On Tue, 5 Jun 2001 cdent@burningchrome.com wrote:
> I don't think I'm understanding you here. Which embedded structure are
> you saying raw text contains? Do you mean punctuation, paragraph
> breaks, what?
Yes. We use carriage returns, spaces, tabs, and punctuation in raw text
in the same way that XML uses tags, entitites, and attributes. When we're
communicating with humans, we can get away with having an arbitrary
syntax, because humans are pretty good at figuring out intended semantics.
For instance, in this e-mail, I distinguish paragraphs by separating them
with blank lines. If I chose instead to distinguish them by indenting the
first line of each paragraph, you, the human reader, would have no trouble
recognizing that the two representations are semantically equivalent.
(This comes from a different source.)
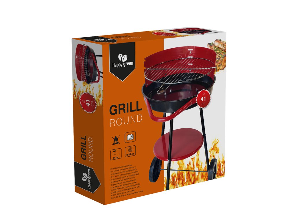 Gril ROUND pr. 41 cm, výška 84 cm ČRV / ČER. průměr: 41 cm výška: 84 cm barva: červená / černá Zahradní gril Happy Green, zástěna proti větru, plastová kolečka Gril ROUND je smaltovanou grilovací vanou a plastovými pojezdovými koly pro snadnou manipulaci. Gril využijete zejména při kempování, na chatách a chalupách.Obrázky jsou pouze ilustrativní.

So what's the best way of representing content in a document, where a
document consists of a sequence of paragraphs? Xanadu represents all
documents as a sequence of bytes at the content layer, but it seems to me
advantageous to represent it as a sequence of paragraphs.
Here's a real-world example. CVS differences documents by lines of text.
So if I have the source code:
if (x > y) {
doSomething();
}
and I change it to:
if (x > y)
{
doSomething();
}
CVS tells me that these two documents are different. Well, that's true;
not all lines in this document are the same. But semantically, these two
excerpts of code are exactly the same. So do you really want your version
control system saying that these chunks of code are different?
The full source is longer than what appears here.